DATA SUPPLIED: Begin

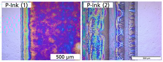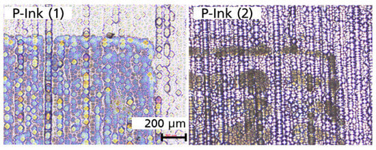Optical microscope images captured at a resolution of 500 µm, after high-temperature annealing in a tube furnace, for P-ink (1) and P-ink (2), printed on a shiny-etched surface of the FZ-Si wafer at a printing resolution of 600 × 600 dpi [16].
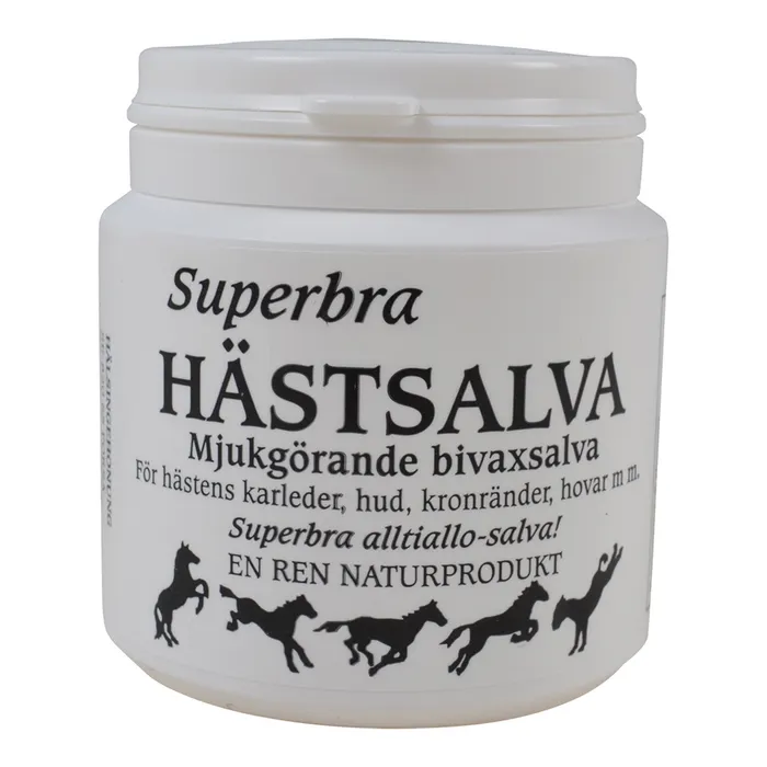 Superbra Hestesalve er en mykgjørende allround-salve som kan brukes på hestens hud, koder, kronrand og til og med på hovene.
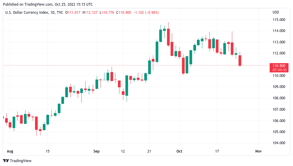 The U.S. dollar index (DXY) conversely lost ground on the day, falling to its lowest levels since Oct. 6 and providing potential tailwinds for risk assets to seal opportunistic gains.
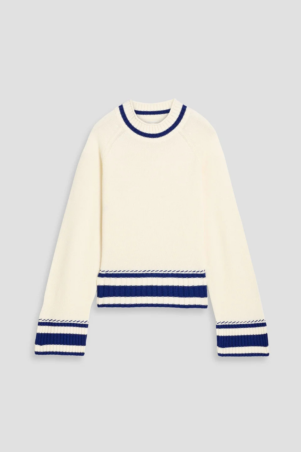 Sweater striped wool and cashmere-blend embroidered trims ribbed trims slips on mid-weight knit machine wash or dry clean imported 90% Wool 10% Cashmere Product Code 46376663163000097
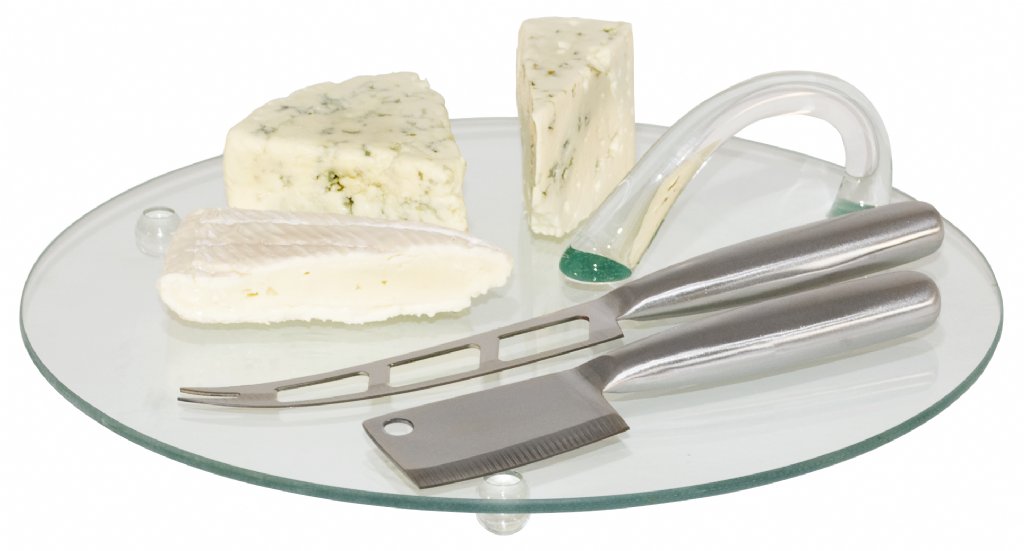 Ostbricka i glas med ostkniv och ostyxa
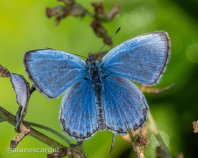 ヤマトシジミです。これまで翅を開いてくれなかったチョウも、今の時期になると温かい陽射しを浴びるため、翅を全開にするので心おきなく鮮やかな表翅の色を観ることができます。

DATA SUPPLIED: End
DATA SUPPLIED: Begin

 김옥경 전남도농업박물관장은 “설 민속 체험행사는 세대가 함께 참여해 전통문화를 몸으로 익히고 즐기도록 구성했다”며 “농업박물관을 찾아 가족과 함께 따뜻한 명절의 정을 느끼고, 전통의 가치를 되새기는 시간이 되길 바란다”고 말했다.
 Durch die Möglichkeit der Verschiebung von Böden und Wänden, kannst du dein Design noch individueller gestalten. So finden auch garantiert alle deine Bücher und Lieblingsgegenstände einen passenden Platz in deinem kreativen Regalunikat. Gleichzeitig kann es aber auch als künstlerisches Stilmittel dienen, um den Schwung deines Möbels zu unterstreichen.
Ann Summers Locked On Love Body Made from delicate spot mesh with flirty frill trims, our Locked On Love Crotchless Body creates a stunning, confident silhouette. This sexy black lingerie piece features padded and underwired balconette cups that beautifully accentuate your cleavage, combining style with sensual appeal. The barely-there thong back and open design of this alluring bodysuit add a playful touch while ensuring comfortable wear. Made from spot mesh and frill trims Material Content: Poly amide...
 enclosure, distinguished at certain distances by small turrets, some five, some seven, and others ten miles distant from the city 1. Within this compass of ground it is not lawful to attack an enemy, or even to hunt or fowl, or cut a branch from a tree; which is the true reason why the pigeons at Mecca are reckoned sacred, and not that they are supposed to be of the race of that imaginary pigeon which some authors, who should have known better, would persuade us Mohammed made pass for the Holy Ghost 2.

DATA SUPPLIED: End
DATA SUPPLIED: Begin

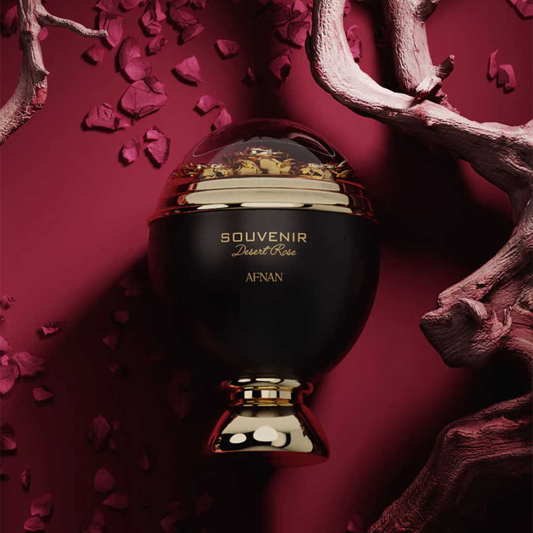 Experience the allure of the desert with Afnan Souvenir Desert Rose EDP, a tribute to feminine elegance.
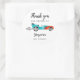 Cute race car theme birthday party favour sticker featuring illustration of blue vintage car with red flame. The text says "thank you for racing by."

DATA SUPPLIED: End

[BRIEF] Lines with "that" in them are what the answer must contain; copy each from the records above.

[TASK ANSWER]
Ann Summers Locked On Love Body Made from delicate spot mesh with flirty frill trims, our Locked On Love Crotchless Body creates a stunning, confident silhouette. This sexy black lingerie piece features padded and underwired balconette cups that beautifully accentuate your cleavage, combining style with sensual appeal. The barely-there thong back and open design of this alluring bodysuit add a playful touch while ensuring comfortable wear. Made from spot mesh and frill trims Material Content: Poly amide...
 enclosure, distinguished at certain distances by small turrets, some five, some seven, and others ten miles distant from the city 1. Within this compass of ground it is not lawful to attack an enemy, or even to hunt or fowl, or cut a branch from a tree; which is the true reason why the pigeons at Mecca are reckoned sacred, and not that they are supposed to be of the race of that imaginary pigeon which some authors, who should have known better, would persuade us Mohammed made pass for the Holy Ghost 2.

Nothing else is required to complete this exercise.